_Activity_
For this exercise, restate word for word only the lines from the one containing "This setting of" through the last line below. Pictures do not get copied.

_Data_
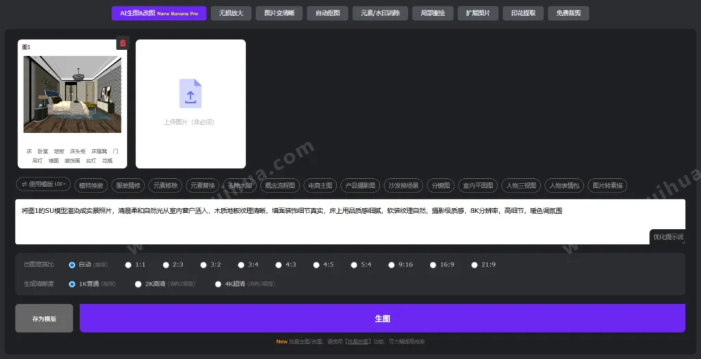 在建筑、室内及景观设计领域,SketchUp(SU)因其建模的高效性而广受欢迎。然而,传统的渲染过程(如使用 V-Ray 或 Lumion)往往伴随着复杂的材质调节、灯光布置以及漫长的等待时间。
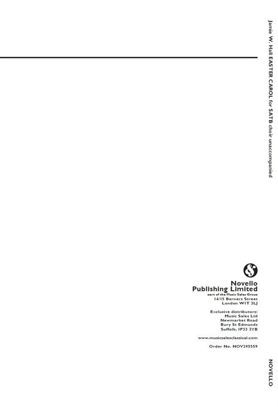 This setting of a 17th-century Easter carol for Unaccompanied SATB Choir is by Jamie W. Hall.
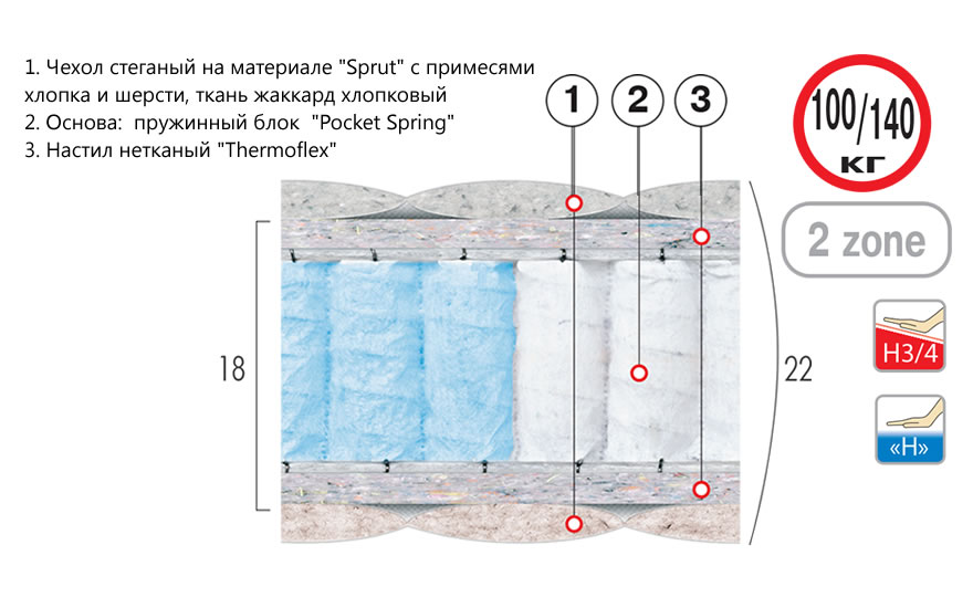 Добрый день. Подскажите, в описании сказано, что есть две зоны жесткости. На фото не видно разграничение зон. Можете объяснить где разграничивается?

_Completed task_
 This setting of a 17th-century Easter carol for Unaccompanied SATB Choir is by Jamie W. Hall.
 Добрый день. Подскажите, в описании сказано, что есть две зоны жесткости. На фото не видно разграничение зон. Можете объяснить где разграничивается?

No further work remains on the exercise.